横須賀・三浦 社会
公開日:2026.03.27
横須賀市汐入町
”谷戸暮らし”体感する民泊
「不便さ価値に」6月末開業へ
横須賀市汐入町の「谷戸」と呼ばれる、豊かな緑と家々が調和する独特の傾斜地。この地に新たな息吹を吹き込もうとする試みが進んでいる。地域活性化を担う(株)やととは、築105年の古民家=下写真=を再生した体験型民泊施設「泊まれる谷戸の実験室 minoma」を6月末に開業する。3月22日にはメディア向け先行体験会を開いた。
プロジェクトを牽引するのは、藤原香奈代表、設計を担った田村聖輝(さとき)さん、「大工仕事が趣味」と話す室井達哉さんの3人。大正時代から受け継がれた梁や、当時の主が施したであろう電気配線の跡をあえて露出させ、歴史の積層をデザインへと昇華させている。

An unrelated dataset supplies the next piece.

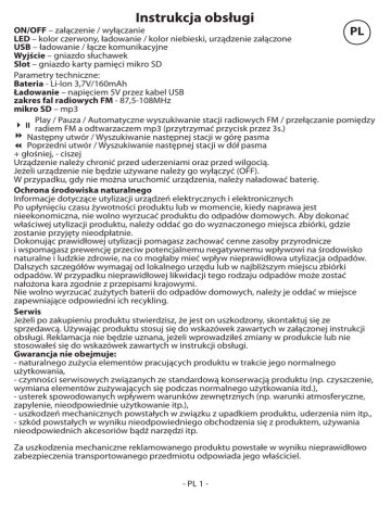 Instrukcja obsługi ON/OFF – załączenie / wyłączanie PL LED – kolor czerwony, ładowanie / kolor niebieski, urządzenie załączone USB – ładowanie / łącze komunikacyjne Wyjście – gniazdo słuchawek ON/OFF – zapnutí / vypnutí Technické parametry: Slot – gniazdo karty pamięci mikro SD LED – červená nabíjení / modrá zapnutí Baterie - Li-Ion 3,7V/160mAh Parametry techniczne: Bateria - Li-Ion /3,7V/160mAh USB – nabíjení vstup Line Nabíjení - USB kabel 5V Ładowanie – napięciem 5V przez kabel USB Výstup - sluchátka FM - 87,5-108MHz zakres fal radiowych Slot - mikro SD karty FM - 87,5-108MHz mikro SD - mp3 mikro SD – mp3 Play / Pauza / Automatyczne wyszukiwanie stacji radiowych FM / przełączanie pomiędzy �� Play / Pauza Automatické naladění stanic FM rádia / přepnutí FM-MP3 (podržet tl. 3s.) radiem FM a/odtwarzaczem mp3 (przytrzymać przycisk przez 3s.) � Další skladba / Posun vpřed na další FM stanici Następny utwór / Wyszukiwanie następnej stacji w górę pasma � Předchozí Posun vzad nanastępnej předchozístacji FM stanici Poprzedniskladba utwór / /Wyszukiwanie w dół pasma + głośniej, - ciszej - zeslabení hlasitosti zesílení hlasitosti, Urządzenie należy chronić przed uderzeniami oraz przed wilgocią. Přístroj chraňte před nárazem a vodou. Jeżeli urządzenie nie będzie używane należy go wyłączyć (OFF). Připrzypadku, nepoužívání vypněte přístroj do polohy OFF. W gdy nie można uruchomić urządzenia, należy naładować baterię. Pokud nelze přístroj spustit, nabijte jej. Ochrona środowiska naturalnego Informacje dotyczące utylizacji urządzeń elektrycznych i elektronicznych Po upłynięciu czasu żywotności produktu lub w momencie, kiedy naprawa jest Ochrana životního prostředí nieekonomiczna, nie wolno wyrzucać produktu do odpadów domowych. Aby dokonać Informaceutylizacji k likvidaciproduktu, elektrických a elektronickýchzařízení właściwej należy oddać go do wyznaczonego miejsca zbiórki, gdzie Po uplynutí doby nieodpłatnie. životnosti produktu nebo v okamžiku, kdy by oprava byla neekonomická, zostanie przyjęty Dokonując prawidłowej utylizacji pomagasz zasoby przyrodnicze produkt nevhazujte do domovního odpadu. zachować Za účelemcenne správné likvidace výrobku jej odeivzdejte wspomagasz prewencję przeciw potencjalnemu negatywnemu wpływowi na środowisko na určených sběrných místech, kde budou přijata zdarma. naturalne i ludzkie zdrowie, na co mogłaby mieć wpływ nieprawidłowa utylizacja odpadów. Správnou likvidací pomůžete zachovat cenné přírodní zdroje a napomáháte prevenci potenDalszych szczegółów wymagaj od lokalnego urzędu lub w najbliższym miejscu zbiórki ciálních negativních dopadů na životní prostředí lidskérodzaju zdraví,odpadów což by mohly být důsledky odpadów. W przypadku nieprawidłowej likwidacjia tego może zostać nesprávnékara likvidace odpadů. Další podrobnosti nałożona zgodnie z przepisami krajowymi. si vyžádejte od místního úřadu nebo nejbližNie wyrzucać bateriilikvidaci do odpadów należy je oddać miejsces šíhowolno sběrného místa.zużytych Při nesprávné tohotodomowych, druhu odpadu mohou být vwsouladu zapewniające odpowiedni ich recykling. národními předpisy uděleny pokuty. Serwis Baterie nevhazujte do běžného odpadu, ale odevzdejte na místa zajišťující recyklaci baterií. Jeżeli Servispo zakupieniu produktu stwierdzisz, że jest on uszkodzony, skontaktuj się ze sprzedawcą. Używając produktu stosuj się do wskazówek zawartych w załączonej instrukcji V případě, že po zakoupení výrobku zjistíte jakoukoli závadu,zmiany kontaktujte servisnílub oddělení. Při obsługi. Reklamacja nie będzie uznana, jeżeli wprowadziłeś w produkcie nie použití výrobku řiďte pokyny uvedenými v přiloženém návodu k použití. Na reklamaci nestosowałeś się dosewskazówek zawartych w instrukcji obsługi. bude brán zřetel, pokud jste výrobek pozměnili či jste se neřídili pokyny uvedenými v návodu Gwarancja nie obejmuje: -k naturalnego zużycia elementów pracujących produktu w trakcie jego normalnego použití. użytkowania, Záruka se nevztahuje - czynności serwisowych związanych ze standardową konserwacją produktu (np. czyszczenie, - na přirozené opotřebení funkčníchsię částí výrobku v důsledkuużytkowania jeho používání wymiana elementów zużywających podczas normalnego itd.), na servisní zásahy související se standardní údržbou výrobku (např. čištění, atmosferyczne, výměna dílů pod-- usterek spowodowanych wpływem warunków zewnętrznych (np. warunki léhajícíchnieodpowiednie běžnému opotřebení …) zapylenie, użytkowanie itp.), - uszkodzeń mechanicznych powstałych w związku z upadkiem produktu, uderzenia nim itp., na závady způsobené vnějšími vlivy (např. klimatickými podmínkami, prašností, nevhodným - szkód powstałych w wyniku nieodpowiedniego obchodzenia się z produktem, używania použitím apod.) nieodpowiednich akcesoriów bądź narzędzi itp. - na mechanická poškození v důsledku pádu výrobku, nárazu, úderu do něj apod. - nauszkodzenia škody vzniklé neodborným zacházením, přetížením, použitím nesprávných dílů, nevhodZa mechaniczne reklamowanego produktu powstałe w wyniku nieprawidłowo ného příslušenství či nevhodných przedmiotu nástrojů apod. zabezpieczenia transportowanego odpowiada jego właściciel. U reklamovaných výrobků, které nebyly řádně zabezpečeny proti mechanickému poškození při přepravě nese riziko případné škody výhradně majitel. - PL 1 - Návod na použití CZ -1- CZ Aktuální verzi návodu v elektronické podobě najdete na www.tvproducts.cz

「不便な場所だが、ここには圧倒的な自然と景色がある。それをむしろ価値として伝えたい」。藤原代表らの想いが結実。2025年度の横須賀市の「谷戸地域コミュニティ再生提案事業」の採択を受けた。
谷戸の植物生かす
建物は、延べ床面積70〜80平方メートルほどの2階建て洋館。元々はシェアハウスとして利用されていた。1階の「実験室」と名付けたスペースでは宿泊者が、家庭用蒸留器を使って地域で採れた夏みかんやハーブから芳香水を作る「蒸留」や近隣に自生するヨモギを用いた「草木染め」を体験できる。キッチンは染物や実験がしやすい機能的な設計となっており、谷戸の資源を日常に取り入れる知恵を学ぶ場となる。宿泊予約がない場合は、ワークショップを開くという。
2階は宿泊者専用となる約10・5帖の空間。東西南北の四方向に窓が配され、谷戸の風景を見渡すことができる。
藤原代表が運営する近隣のコミュニティ拠点「問室(といしつ)」とも密接に連携。宿泊者は滞在中に同拠点を無料で利用できる仕組みを整え、地域住民との交流を促す予定だ。「谷戸の暮らしの豊かさを再定義できれば」と藤原代表。料金は未定。今後、修繕費用などを調達するクラウドファンディングも予定している。